A reflection on how moments of flow and ease reveal what is always available, and how the mind co-opts these glimpses by attaching them to external conditions.
A reflection on how moments of flow and ease reveal what is always available, and how the mind co-opts these glimpses by attaching them to external conditions.
Sometimes what you are describing might be an escape, but in general it is a taste of reality. We call it being in a state of flow. You are having a great tango dance, or you find yourself in any situation where you forget about yourself. You are simply in the experience, and there is a sense that nothing is wrong right now. The belief that something is wrong, together with the belief in a separate "I," dissipates. It becomes like a film projected on the wall that you are no longer paying attention to.
Controlled glimpses
We allow ourselves these tastes, but they are controlled. We plan for them. "Later I am going to sit at the piano for twenty minutes." Or, "Today after work I am so tired, so stressed, and I need to get to the beach. Once I get to the beach, I will finally have a good moment." Then you arrive at the beach, it is beautiful, and you experience that ease. You think it is because of the beach. But actually, it is because for the moment you are there, you have paused the belief that something is wrong or missing right now.

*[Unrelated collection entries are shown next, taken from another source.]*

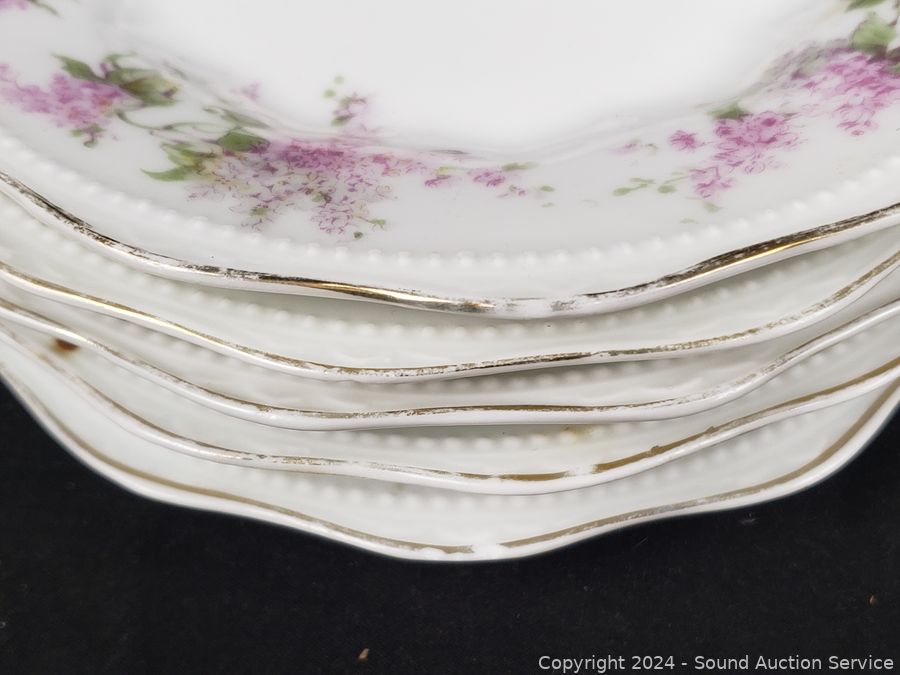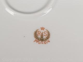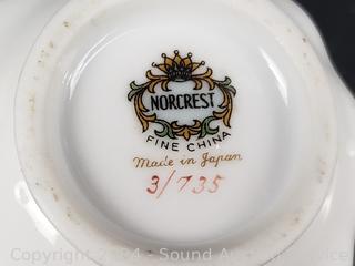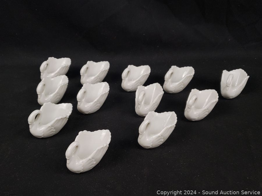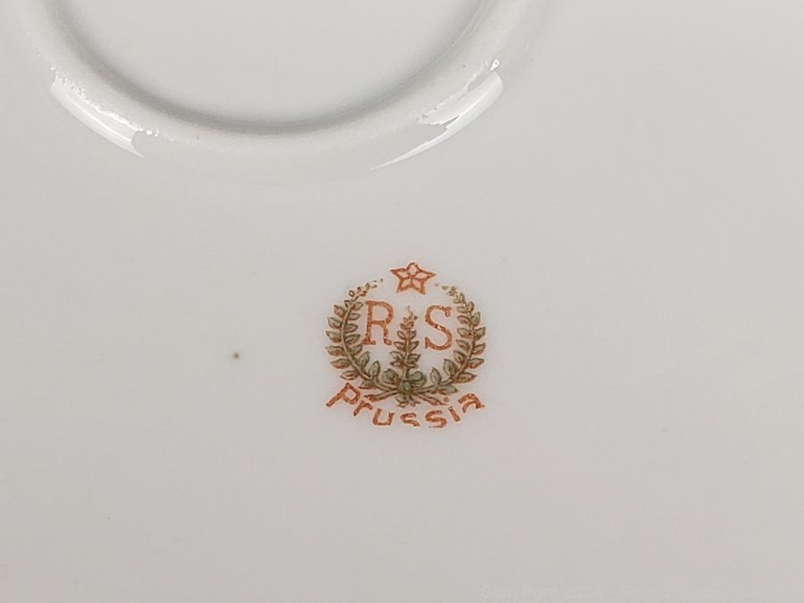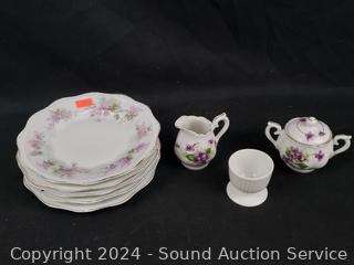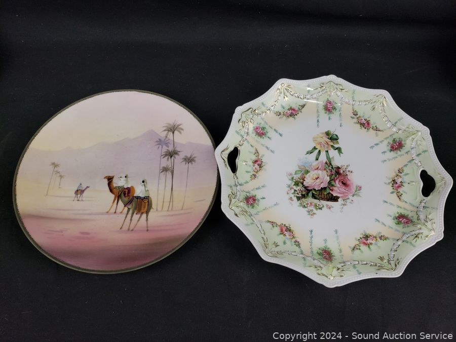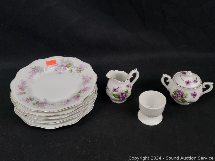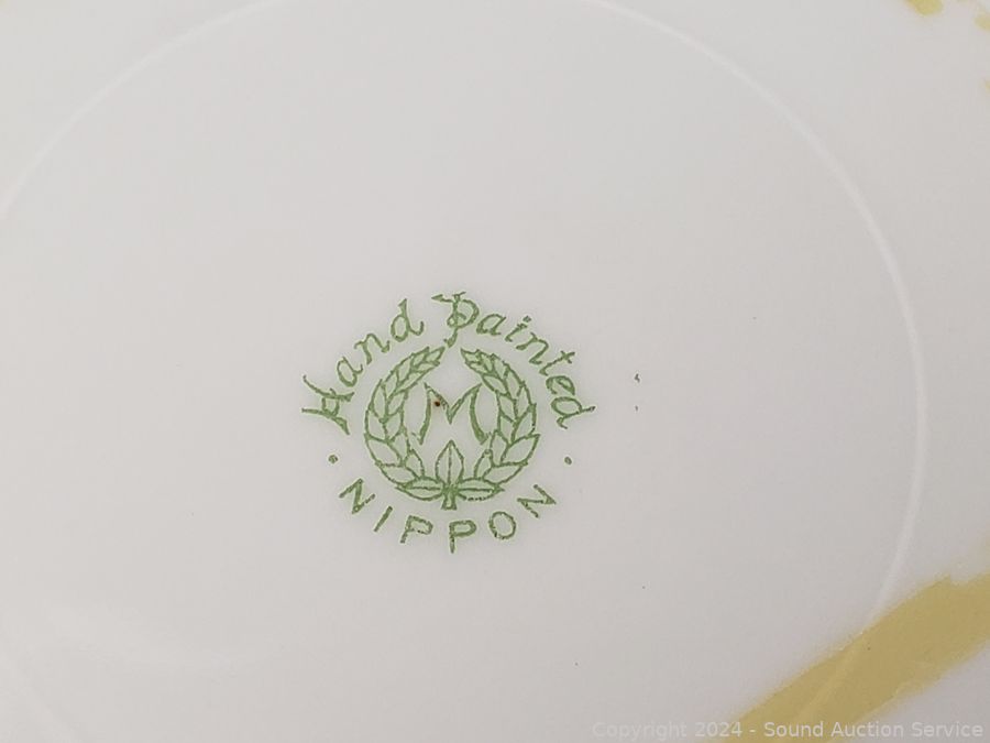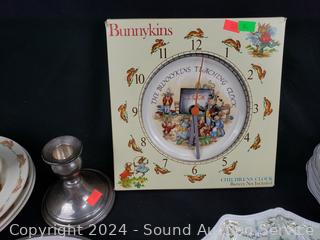 11pc Bunnykins Dishes & Clock, 5 Austria saucers, Norcrest cream, sugar, Prussia plate, Nippon hand painted, Swan salt cellars, Roger silver plate candleholder. Don't see any major issues.
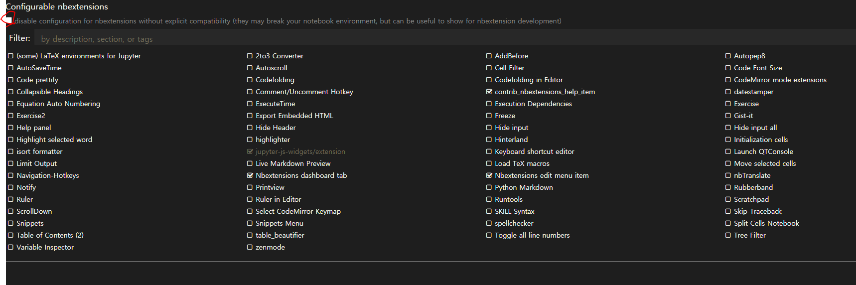 nbextensions config를 클릭하면 아래와 같은 확장 가능 tab들을 볼 수 있다. 여기에서 몇 가지 유용하게 사용하는 것만 체크해준다.
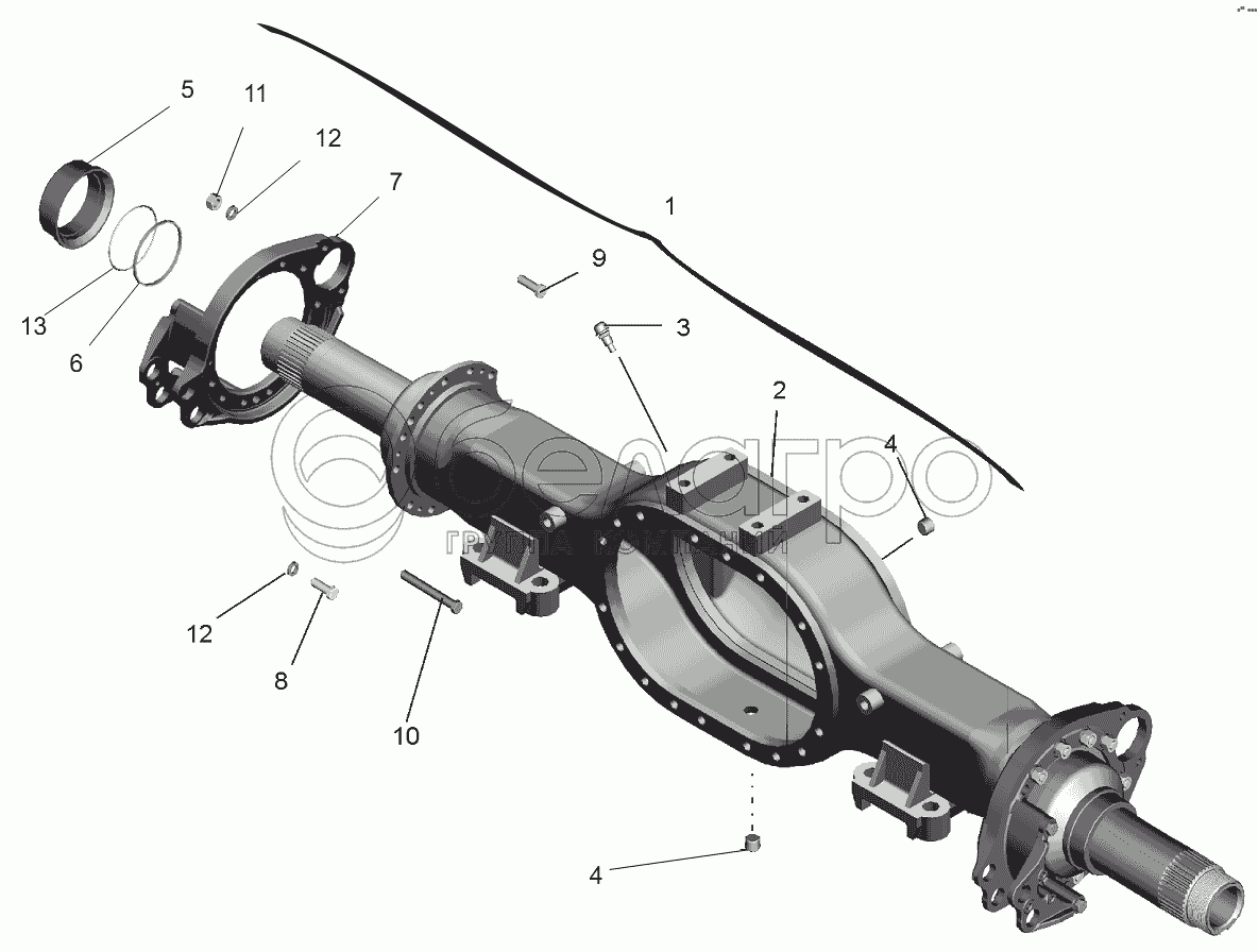 Каталог запасных частей к технике: МАЗ-631236. Мост задний. Картер моста

We attach that openness to the experience itself, to the external circumstance. But the way this "I," the ego, works is by orchestrating and planning. "I am going to get to that." Then we give ourselves a brief reprieve, and it seems to prove that the strategy works. It is like the carrot at the end of a stick. Once you get to that corner, you can take a bite. "Oh yes, it works." Then you move to the next corner and take another bite.
Seeing through the belief
But if you undo the belief, if you see through it entirely, you can eat the whole carrot all the time. It is an endless carrot.